Source records
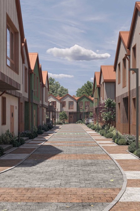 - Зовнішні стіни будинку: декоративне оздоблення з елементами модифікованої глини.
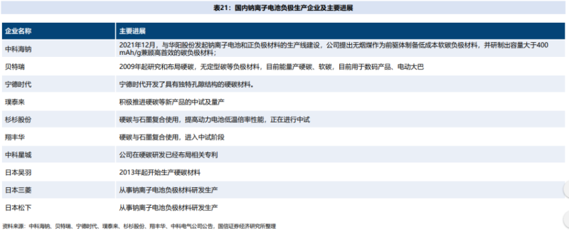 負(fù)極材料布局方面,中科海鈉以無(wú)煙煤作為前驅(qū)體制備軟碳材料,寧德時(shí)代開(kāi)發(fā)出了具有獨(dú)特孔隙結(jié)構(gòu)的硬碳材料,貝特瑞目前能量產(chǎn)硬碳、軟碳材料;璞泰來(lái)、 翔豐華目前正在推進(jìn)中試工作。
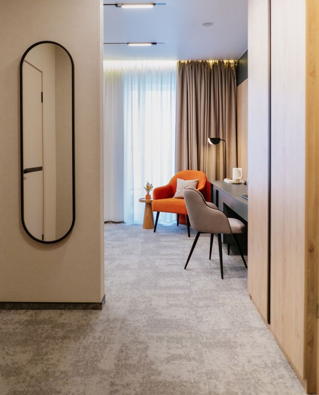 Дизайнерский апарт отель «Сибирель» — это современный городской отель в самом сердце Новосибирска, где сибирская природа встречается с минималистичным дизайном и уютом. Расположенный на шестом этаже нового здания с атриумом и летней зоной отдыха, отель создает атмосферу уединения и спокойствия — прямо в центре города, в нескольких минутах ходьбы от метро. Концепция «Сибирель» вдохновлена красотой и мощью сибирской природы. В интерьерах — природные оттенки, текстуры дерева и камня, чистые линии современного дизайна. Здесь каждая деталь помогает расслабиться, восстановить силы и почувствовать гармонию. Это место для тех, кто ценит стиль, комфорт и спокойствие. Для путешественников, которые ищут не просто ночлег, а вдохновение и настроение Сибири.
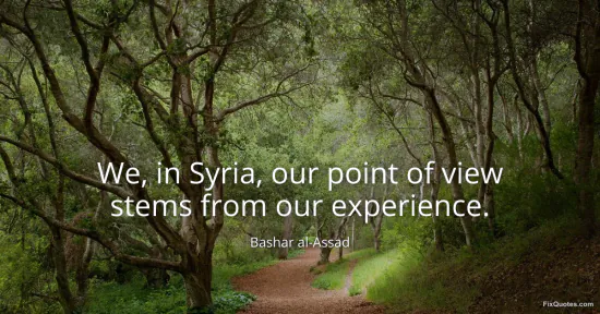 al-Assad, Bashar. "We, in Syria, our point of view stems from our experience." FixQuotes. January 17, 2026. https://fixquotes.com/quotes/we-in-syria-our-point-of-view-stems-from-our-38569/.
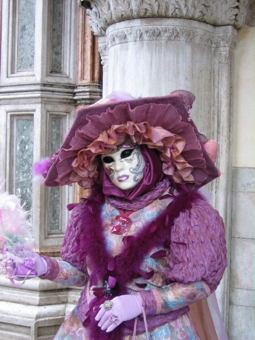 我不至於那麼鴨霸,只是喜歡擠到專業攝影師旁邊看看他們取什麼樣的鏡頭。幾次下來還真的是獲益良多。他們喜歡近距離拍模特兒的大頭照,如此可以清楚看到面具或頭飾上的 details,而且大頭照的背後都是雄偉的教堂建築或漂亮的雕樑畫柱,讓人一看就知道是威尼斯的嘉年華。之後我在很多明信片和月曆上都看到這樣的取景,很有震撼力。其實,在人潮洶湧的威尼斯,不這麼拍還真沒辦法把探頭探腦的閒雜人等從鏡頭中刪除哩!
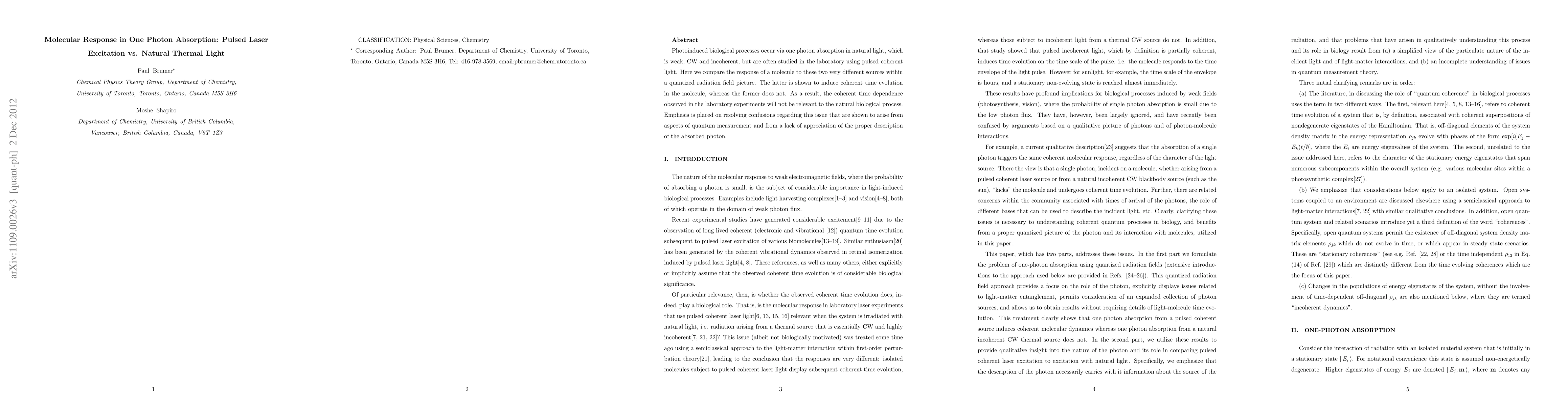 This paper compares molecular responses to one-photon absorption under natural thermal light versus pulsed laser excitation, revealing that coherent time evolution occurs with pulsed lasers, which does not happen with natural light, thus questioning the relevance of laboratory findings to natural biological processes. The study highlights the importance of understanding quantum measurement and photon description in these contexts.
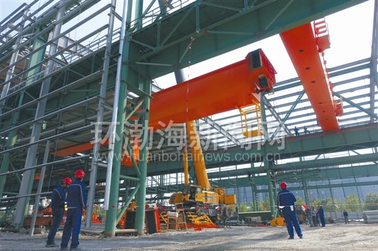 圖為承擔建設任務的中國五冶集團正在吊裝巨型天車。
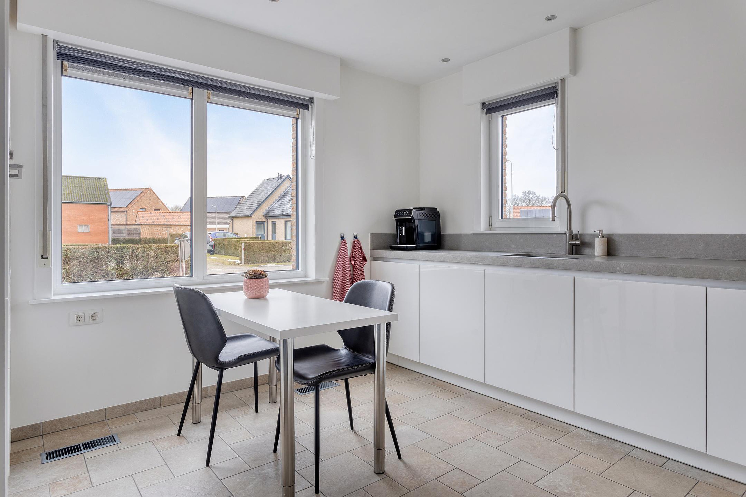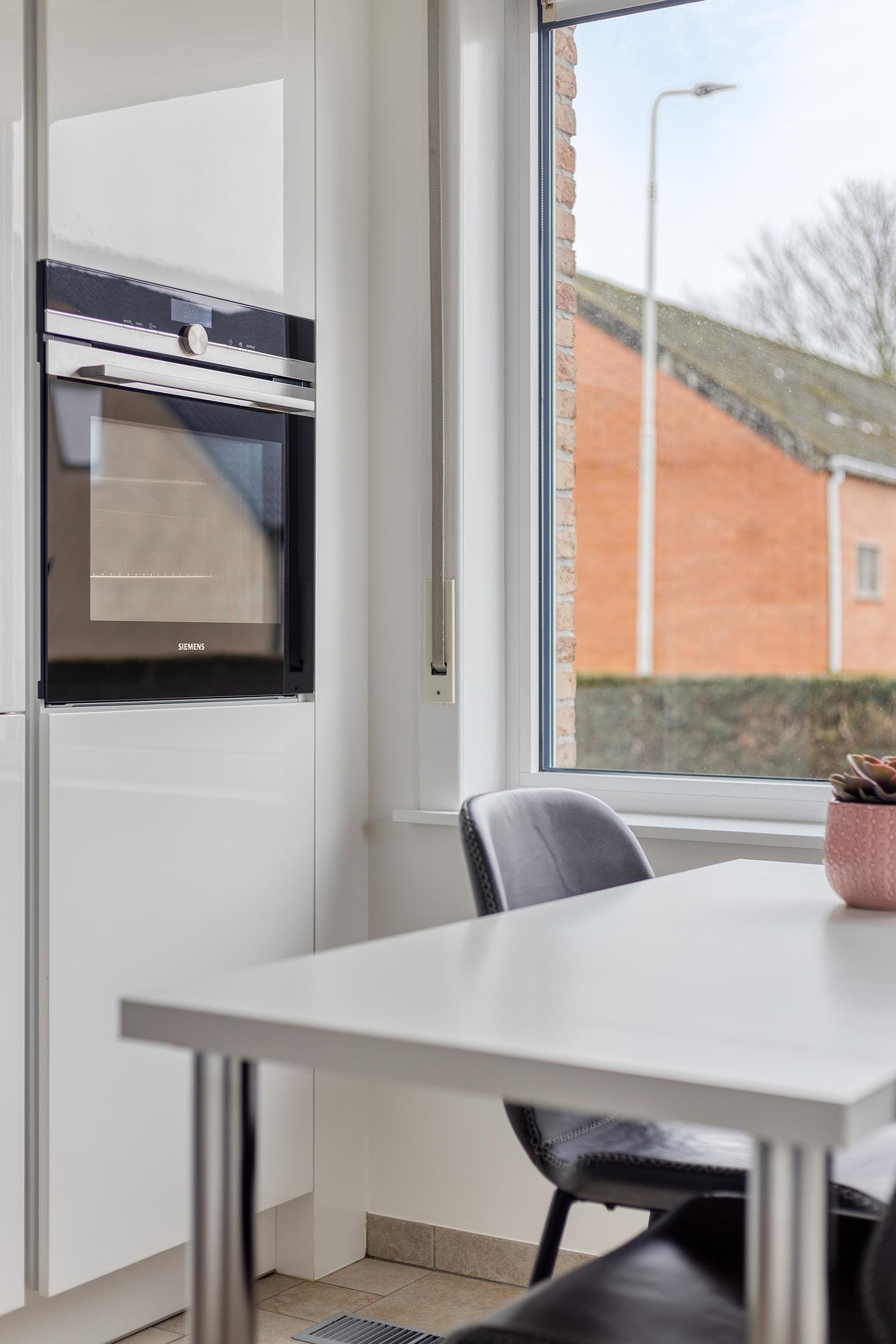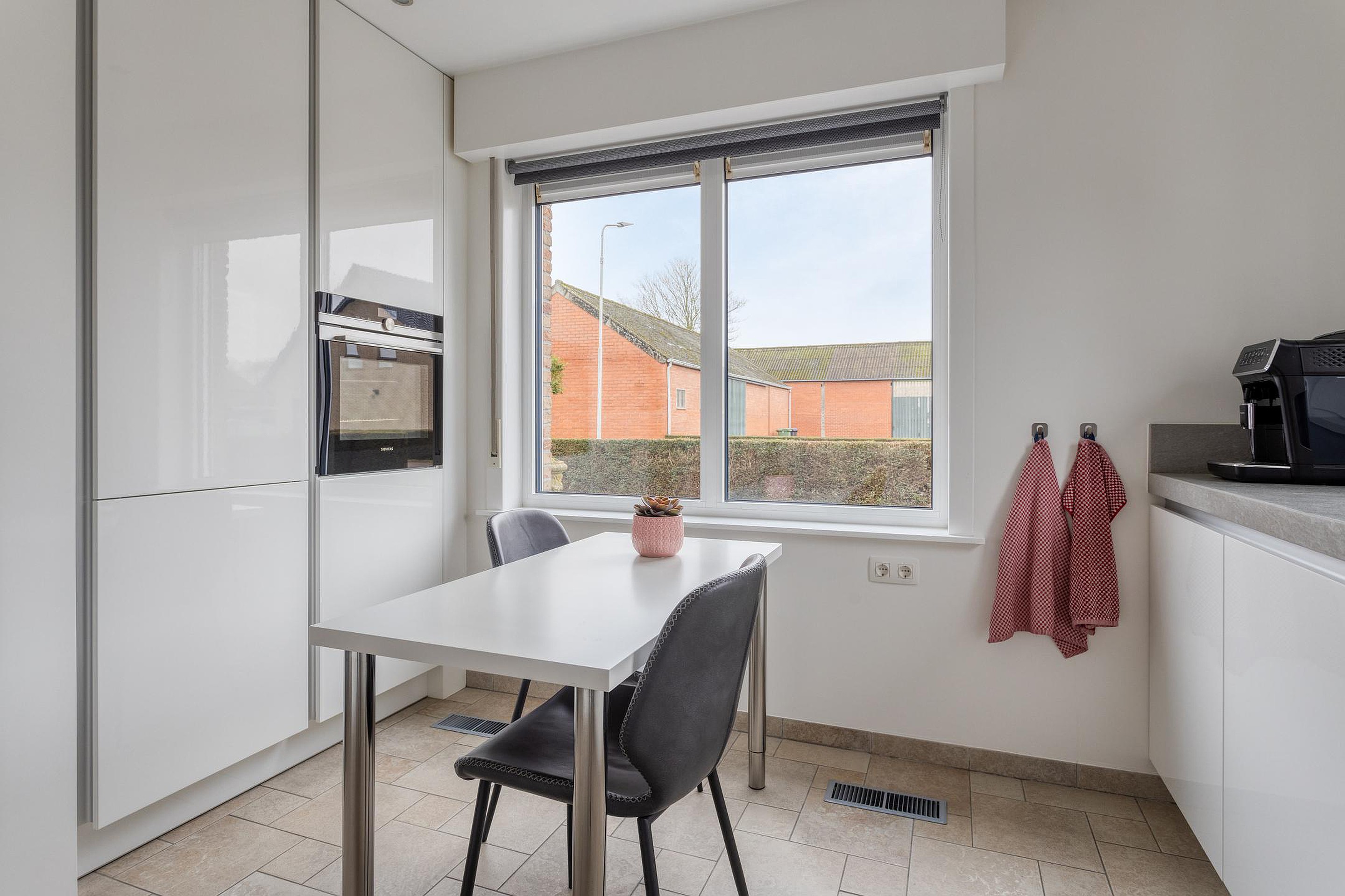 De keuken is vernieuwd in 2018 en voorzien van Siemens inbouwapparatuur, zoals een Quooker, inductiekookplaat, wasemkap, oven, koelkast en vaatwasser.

▶ **Task to complete**:
Return verbatim every line from the one holding "This paper compares" to the end of the records above. Do not copy the pictures.

▶ **Solution to the problem**:
 This paper compares molecular responses to one-photon absorption under natural thermal light versus pulsed laser excitation, revealing that coherent time evolution occurs with pulsed lasers, which does not happen with natural light, thus questioning the relevance of laboratory findings to natural biological processes. The study highlights the importance of understanding quantum measurement and photon description in these contexts.
 圖為承擔建設任務的中國五冶集團正在吊裝巨型天車。
 De keuken is vernieuwd in 2018 en voorzien van Siemens inbouwapparatuur, zoals een Quooker, inductiekookplaat, wasemkap, oven, koelkast en vaatwasser.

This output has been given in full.